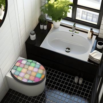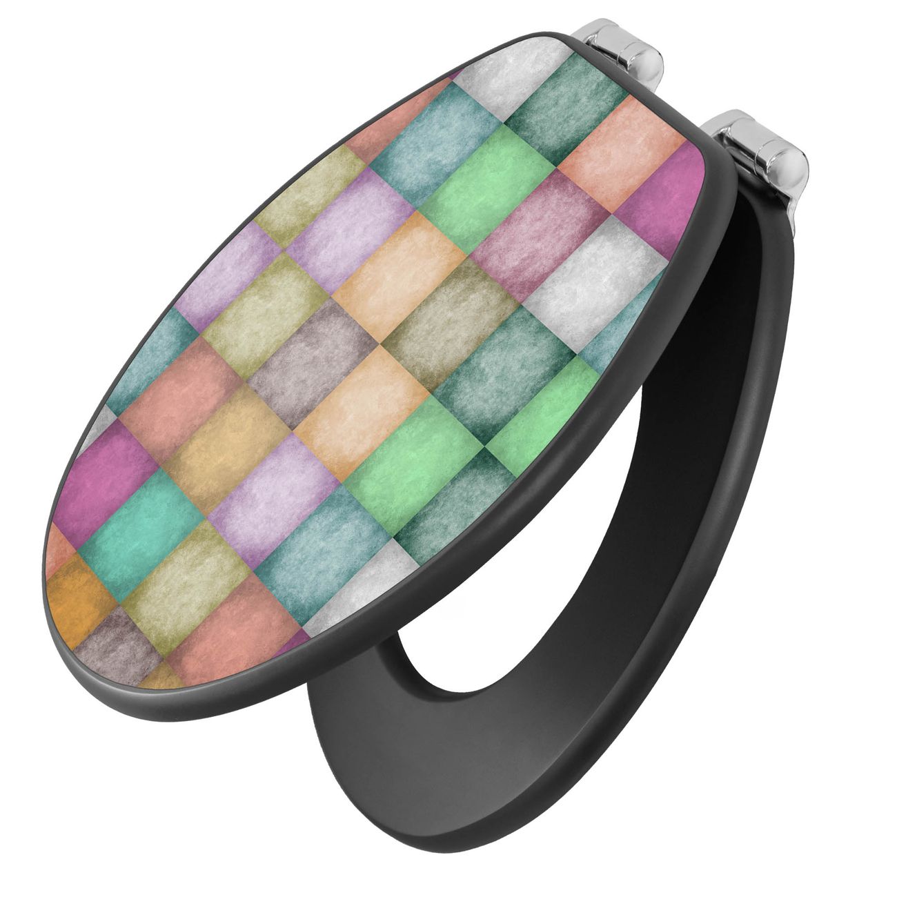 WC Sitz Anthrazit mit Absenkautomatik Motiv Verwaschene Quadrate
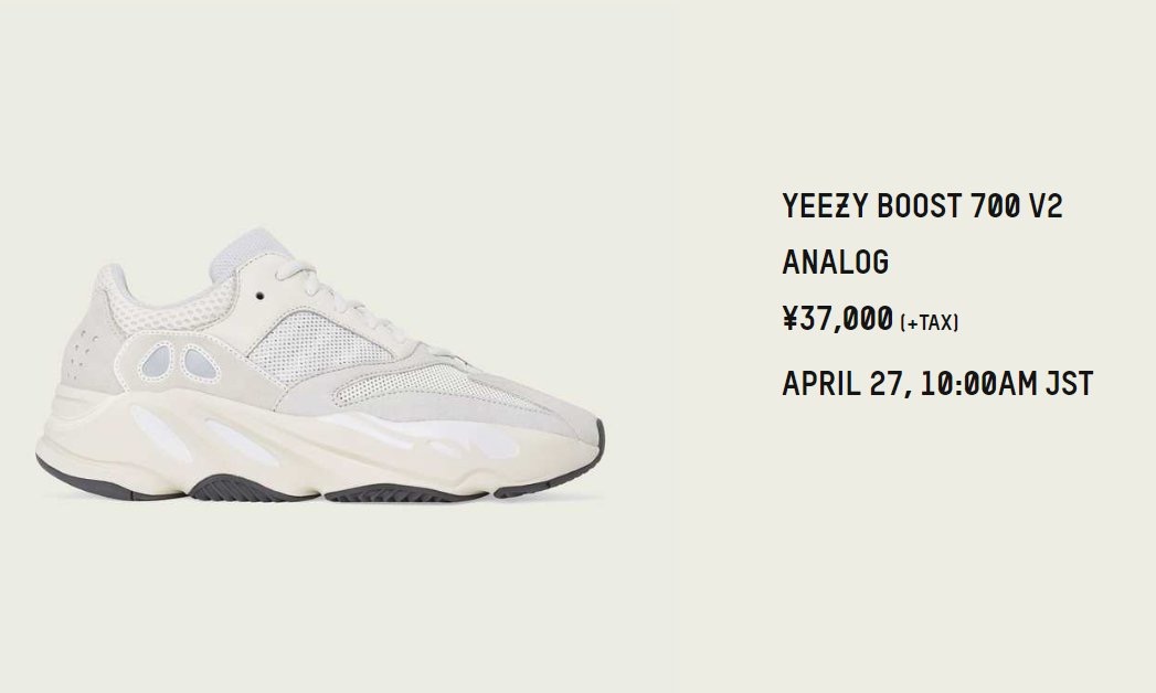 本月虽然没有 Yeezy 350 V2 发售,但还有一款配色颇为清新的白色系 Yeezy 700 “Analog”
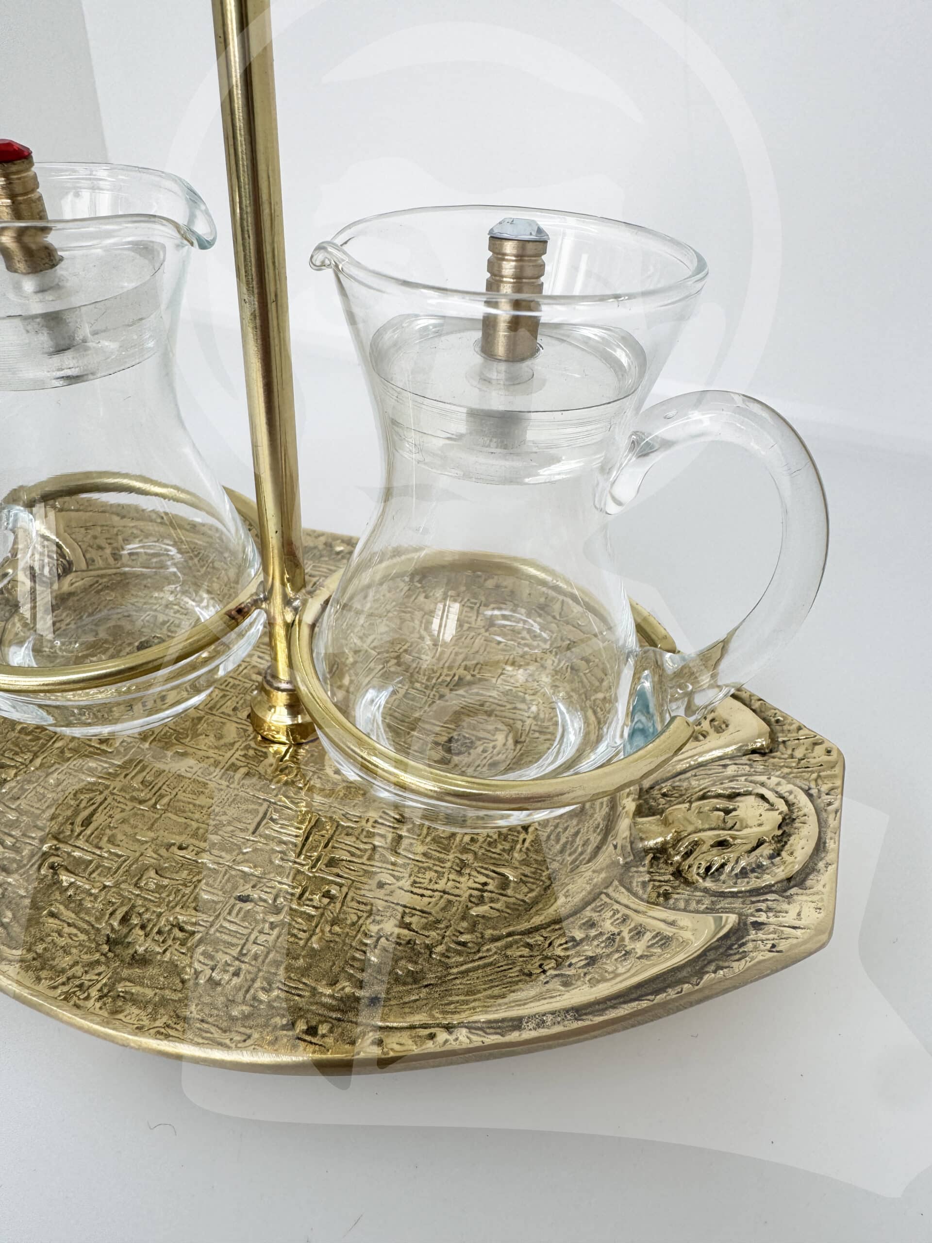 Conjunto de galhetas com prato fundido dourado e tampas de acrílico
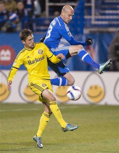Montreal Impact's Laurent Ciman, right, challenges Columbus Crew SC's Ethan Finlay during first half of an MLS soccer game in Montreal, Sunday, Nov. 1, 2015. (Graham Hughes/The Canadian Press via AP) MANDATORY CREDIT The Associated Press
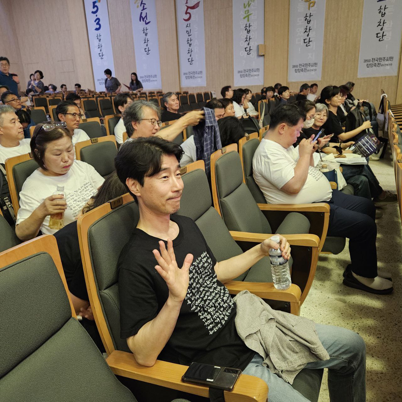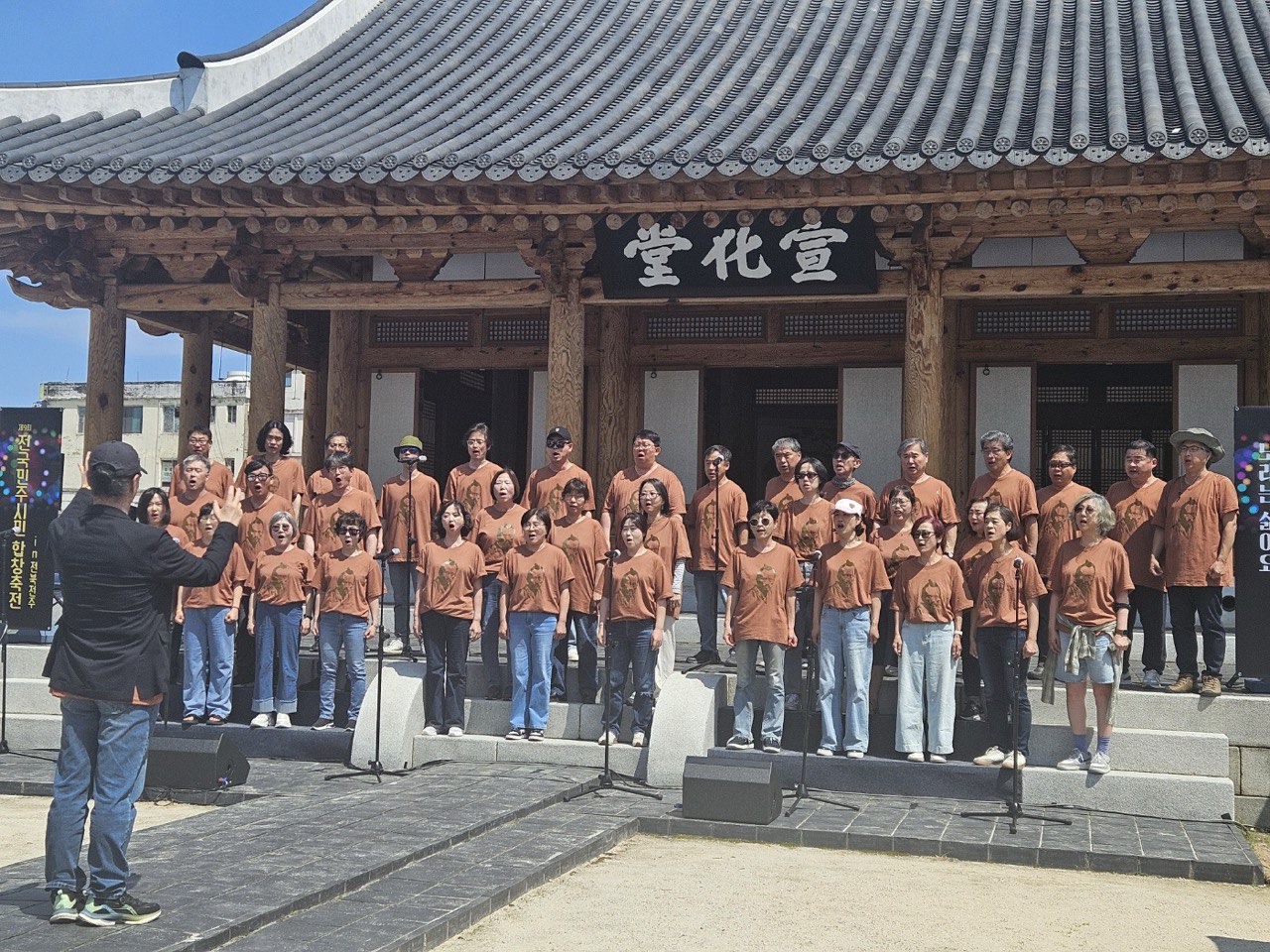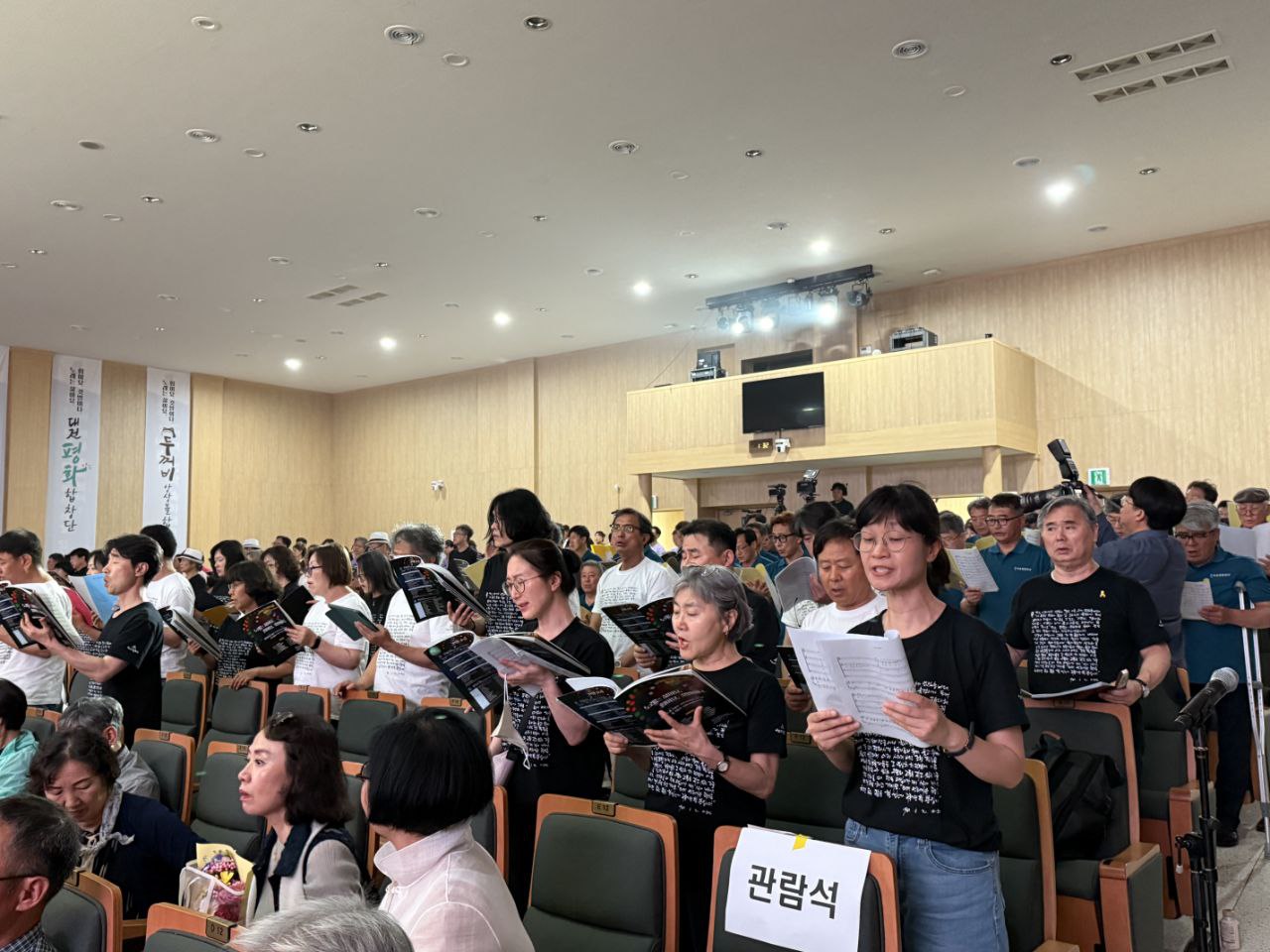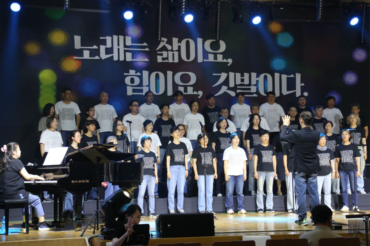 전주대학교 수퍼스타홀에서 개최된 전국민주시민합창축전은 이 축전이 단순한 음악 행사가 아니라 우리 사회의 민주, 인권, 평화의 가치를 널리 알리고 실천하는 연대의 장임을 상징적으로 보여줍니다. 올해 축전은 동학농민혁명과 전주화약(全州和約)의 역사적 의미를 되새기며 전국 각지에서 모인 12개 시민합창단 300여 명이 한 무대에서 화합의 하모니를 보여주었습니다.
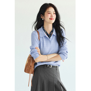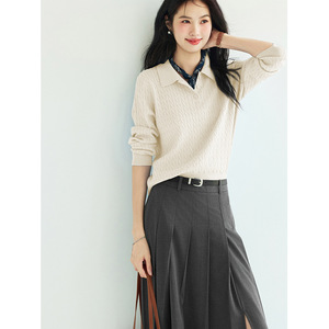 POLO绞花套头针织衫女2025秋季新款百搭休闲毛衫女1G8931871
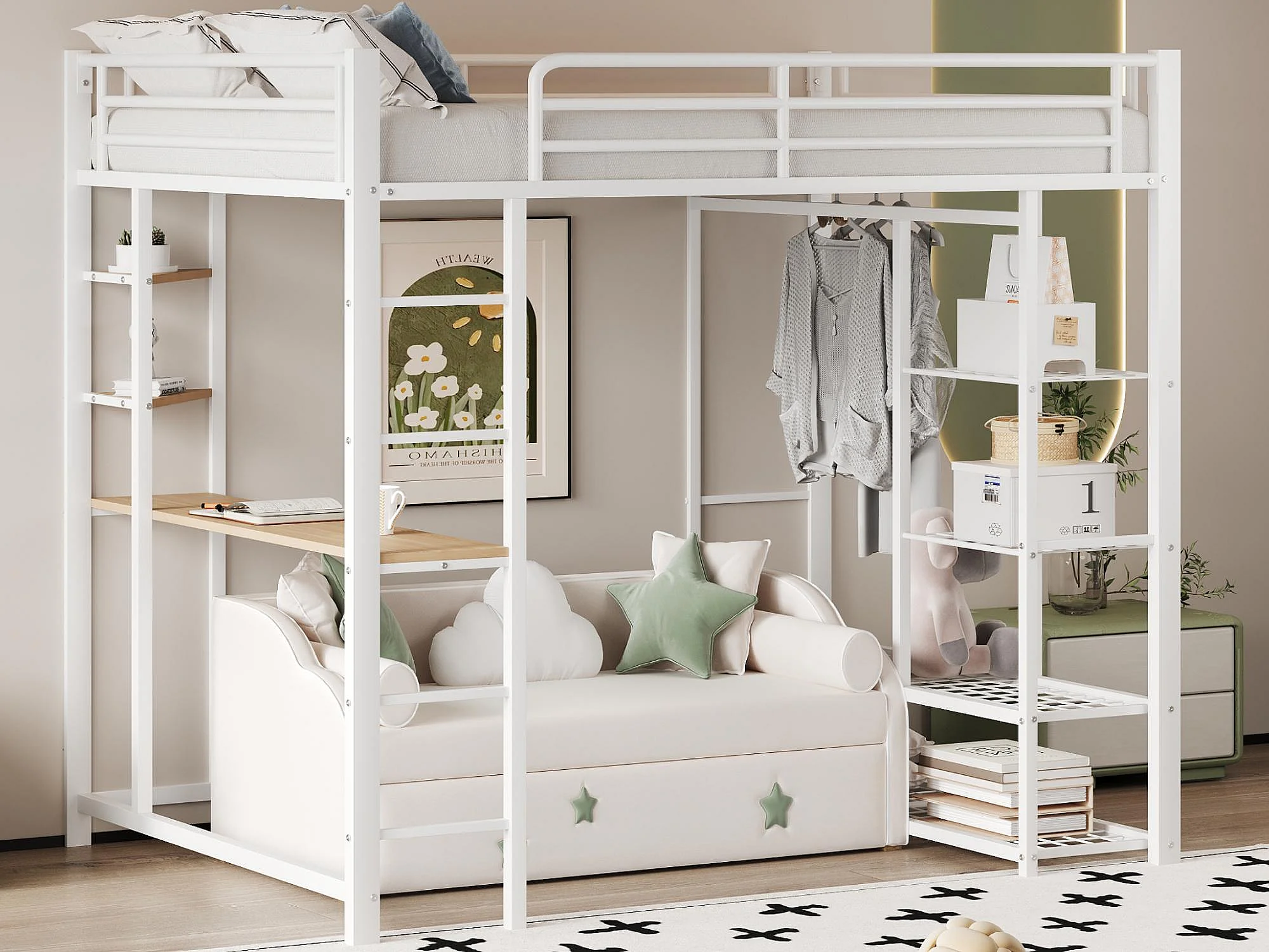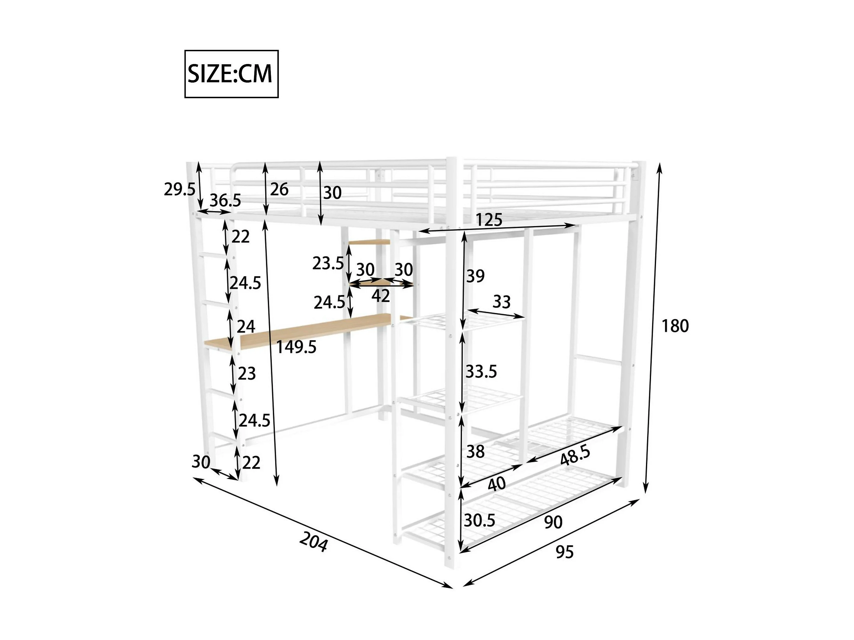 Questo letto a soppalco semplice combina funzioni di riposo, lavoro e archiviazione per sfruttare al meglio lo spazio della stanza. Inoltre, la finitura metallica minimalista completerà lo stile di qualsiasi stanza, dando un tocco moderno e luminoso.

┄┄┄┄┄┄┄┄┄┄

When the line containing "전주대학교 수퍼스타홀에서 개최된" has been located, retype it and each line after it through the end of the records, excluding the pictures and adding nothing else.

§ Solution:
 전주대학교 수퍼스타홀에서 개최된 전국민주시민합창축전은 이 축전이 단순한 음악 행사가 아니라 우리 사회의 민주, 인권, 평화의 가치를 널리 알리고 실천하는 연대의 장임을 상징적으로 보여줍니다. 올해 축전은 동학농민혁명과 전주화약(全州和約)의 역사적 의미를 되새기며 전국 각지에서 모인 12개 시민합창단 300여 명이 한 무대에서 화합의 하모니를 보여주었습니다.
 POLO绞花套头针织衫女2025秋季新款百搭休闲毛衫女1G8931871
 Questo letto a soppalco semplice combina funzioni di riposo, lavoro e archiviazione per sfruttare al meglio lo spazio della stanza. Inoltre, la finitura metallica minimalista completerà lo stile di qualsiasi stanza, dando un tocco moderno e luminoso.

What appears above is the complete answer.